DANIEL KWAN: Hi! We’re jumping right in. 

AYO EDEBIRI: Let’s go.

KWAN: Last night when you texted me five times and called me because I missed our interview time, I was really—high is not the right word. I take edible gummies to help me fall asleep, and I take some heavy shit. I was basically out of commission.

EDEBIRI: You and I both need assistance with our concepts of time. [Laughs] 

KWAN: That’s not our problem. I think the whole system of time zones is flawed. So where are you?

EDEBIRI: I’m in Paris and it’s 7 a.m., and you’re in L.A. and it’s 10 p.m.

KWAN: What are you up to?

EDEBIRI: I’m in my alternate life. I went to the Thom Browne couture show, and it was beautiful and insane and I feel nuts in the best way.

KWAN: Have you always been into fashion?

EDEBIRI: I’ve always enjoyed clothes, but as a stand-up I got very into this uniform of big shirt, big pants, which I still think is cool, but I had this idea that if people see my body, they won’t take me seriously in stand-up. 

KWAN: I’m sorry, it sucks that you even felt that way.

EDEBIRI: Yeah, I hate that I’m even saying it.

KWAN: No, it’s honest. But you proved yourself wrong.

EDEBIRI: I don’t know, because now I’m going to these fashion shows and I haven’t been doing stand-up as much.

KWAN: How long have you been doing this PR circus for? Because it’s nonstop.

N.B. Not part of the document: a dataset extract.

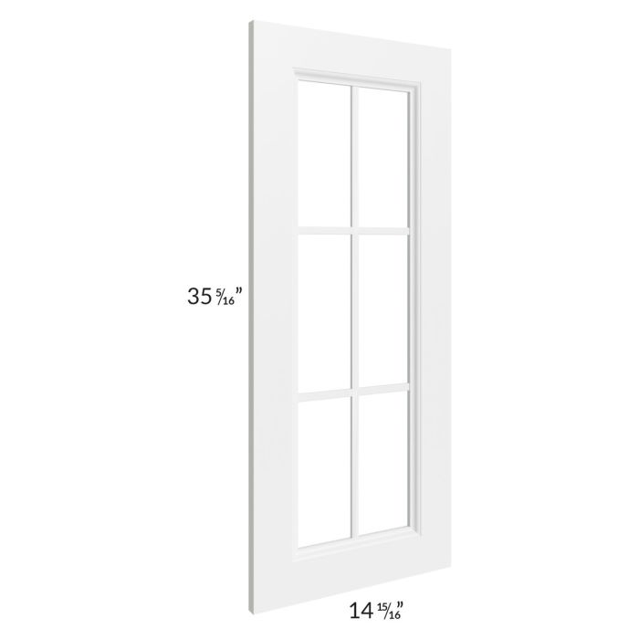 Mullion glass door for a corner wall cabinet that is 27" wide, 36" high and 15" deep. Clear glass is included. The actual cabinet must be purchased separately.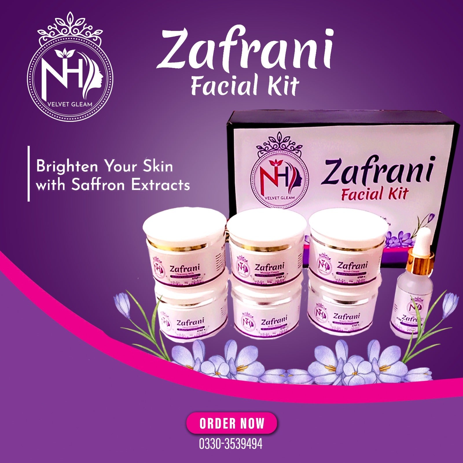 Zafrani Facial Kit ek luxurious herbal treatment hai jo aapko deti hai salon jaisa glow ghar baithe. Isme mojood asli zaafran extracts, vitamin E, aur natural oils aapki skin ko deep cleanse, nourish aur brighten karte hain. Har step skin ko ek naye level ka softness aur radiance deta hai.

EDEBIRI: We started as soon as The Bear first came out last year. I was like, “Wait, I’m in New York doing Kelly Ripa. What is happening to my reality right now?” It just picked up from there, because then the award shows started, which is when we met. 

KWAN: So you haven’t had time to breathe or think. I like this phase in people’s lives where they are in the mess and they haven’t had time to reflect. What is the state of your brain right now? 

EDEBIRI: I’m just trying to take it all in. There’s been a lot of new energy. Did you feel that way?

KWAN: Yes. A friend of mine who had already gone through an awards campaign said, “You’re going to get a lot of energy directed your way. A lot of it’s good, but it doesn’t matter. It will still take the same toll on you.”

EDEBIRI: Yeah, most people are wonderful, but there’s an abundance of energy and I can only digest so much.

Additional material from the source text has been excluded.